I've been going to the doctor's on and off for almost 2 years with various manifestations of this, even changed surgeries over it, and nothing conclusive has been found, nothing to help either. Just losing the ability to cope at present.
Physical symptoms: about 1-1.5 years ago they were regularly like early pregnancy every month. I took pregnancy tests - was not on hormonal contraception so could have been possible. But all negative. Then the symptoms have developed. I am practically moulting in terms of losing hair, but growing it astoundingly quickly everywhere else. Been going on a while. I have a very dry throat, a bit like hayfever, as part of period symptoms, and lymph glands behind the ears come up rather painfully, also making the jaw sore. I get dizziness and palpitations when standing up and when going outside for the first time in the day. If there is too long a gap between eating, I swell up so that I look like I'm pregnant. Really. And feel very bad, sick and shaky all night. Neither DH or I sleep very much due to toddler conditioning - so even when I get chance, I am regularly lying awake.

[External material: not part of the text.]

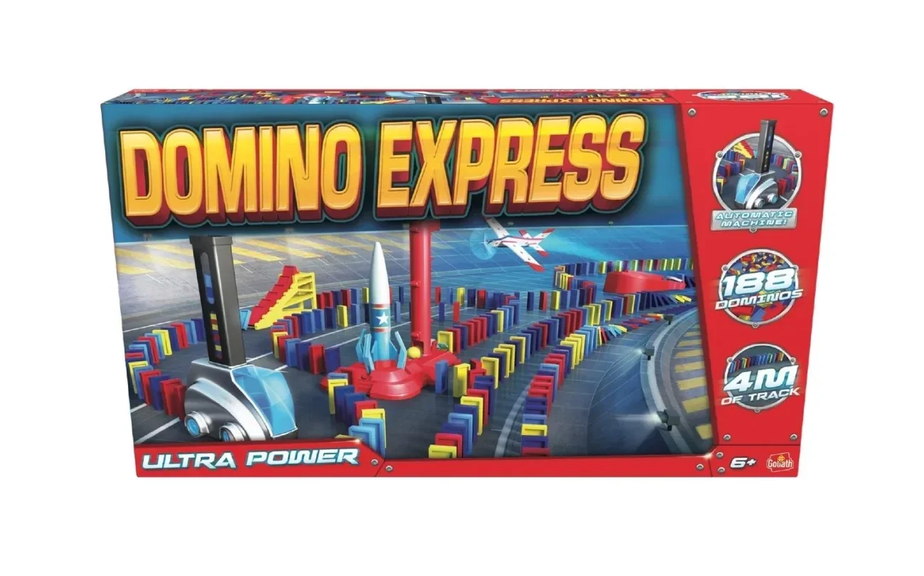 Met Domino Express kun je snel en gemakkelijk aan de slag met het bouwen van de gaafste dominotracks. Combineer de set onderdelen met alledaagse huishoudelijke voorwerpen zoals stoelen en tafels voor extra speelplezier. Plaatst de kleurrijke dominostenen voorzichtig achter elkaar op dezelfe stand, en omgooien maar!

Mental symptoms: off the scale for about 2 days before, and the early part of, the period. Utter rage and despair but try very hard to suppress it. The rest of the time passes in a 'what the hell, can't be arsed to get het up about anything much' sort of blur, and I tend to react to everything roughly the same. But in this short window I have nearly left my DH twice and last night did tell him I would do so, at about 2 in the morning. So all hell is let loose there as we are trying to untangle the aftermath of that. I truly don't know whether it would be for the best or not. But the point is it was out of the blue for him, it has knocked him sideways, and given another week that would never have come to that. Periods themselves are grim and can last literally about 2 weeks. Gone on a pill that allegedly should stop them but it has not seemed to change a thing.

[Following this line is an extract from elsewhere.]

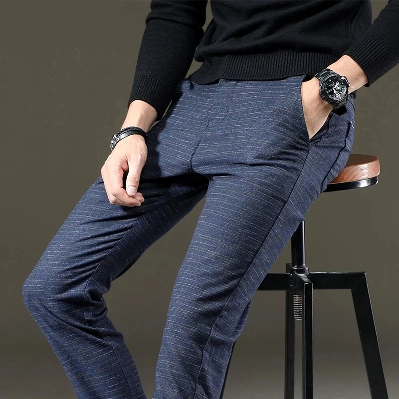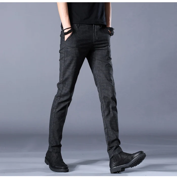 Брюки мужские в клетку, рабочая одежда, Стрейчевые модные облегающие повседневные штаны, Брендовые брюки, весна-осень 2021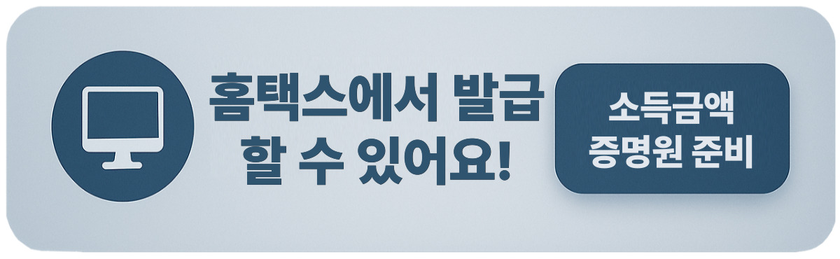 홈택스에서 ‘소득금액증명원’, ‘납세증명서’를 미리 준비해두면 훨씬 빠르게 진행돼요.

Strange pain under the right rib cage that seems to be present every day but not all the time. Pretty sure this is ovary, not gall bladder, but a scan showed all organs in great shape, and blood tests were normal (thyroid etc). I got tested & blood tested for ovarian cancer (things seemed to fit) and know I haven't got that but the scan revealed a normal, not particularly big or dangerous ovarian cyst. So what on earth is this? Is it really pmt? Depression masked by a massive slice of denial? I feel as if I am going crazy or am fantasising about symptoms which seem to me to be limiting everything and taking 'me' away but don't have an obvious physical cause. Just don't know.